Other WRPs were Marcus by Goldman Sachs and Yorkshire Building Society. Marcus posted an impressive customer score of 79 per cent and its interest rates received a rating of 86 per cent. Yorkshire Building Society’s customer score was 77 per cent and its interest rate score was 88 per cent. 

Two other providers – Kent Reliance and Leeds Building Society – also offered competitive rates, both receiving an interest rate score of 91 per cent, but did not have high enough customer scores to be considered a WRP. Building societies and digital providers dominate the first half of the table for customer score, while some of the most well-known names on the market, including Barclays, Bank of Scotland and 

HSBC, languish near the bottom of the pile. Nationwide aside, none of the UK’s biggest banks made it into the top 20.HSBC’s interest rates score was a measly 39 per cent - the second lowest score in the analysis. Barclays, Bank of Scotland and HSBC could only muster customer scores of 66 per cent, 65 per cent and 64 per cent respectively - some way off the pace set by digital banks and building societies. 

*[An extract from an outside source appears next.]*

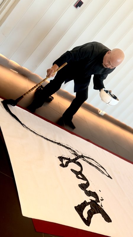 揭幕儀式現場,在悠揚古箏樂聲襯托下,許文融大師同步為雕塑作品《美麗傳說》之名現場揮毫,以大毛筆揮灑磅礡氣勢,筆墨線條剛柔並濟,展現深厚書法底蘊。「美麗傳說」四字墨寶與雕塑作品相互呼應,使現場藝術氛圍層次更顯豐富,也讓與會來賓留下深刻印象。

The average rates offered by Zopa, Marcus by Goldman Sachs and Yorkshire Building Society on an instant savings account were 4.44%, 4.45% and 4.91% respectively. By contrast, rates offered by HSBC, Bank of Scotland and Barclays were 2%, 1.8% and 1.6%.

Focusing entirely on high interest rates may not pay off for savers, however.For example, some providers offer very attractive rates, but fall down on the customer score. 

Bank of London & The Middle East and Cahoot were among the best for rates, but failed to replicate this success in our customer survey. 

Following the Bank of England’s decision to reduce interest rates last week, savers may find the rates they receive on instant-access accounts are cut. Those with accounts with more traditional high street names may want to consider switching to make their money work harder.

The consumer champion also analysed the best current account providers, where it was a similar story of digital banks besting more traditional high street names. First Direct, Monzo and Starling Bank were all named WRPs. 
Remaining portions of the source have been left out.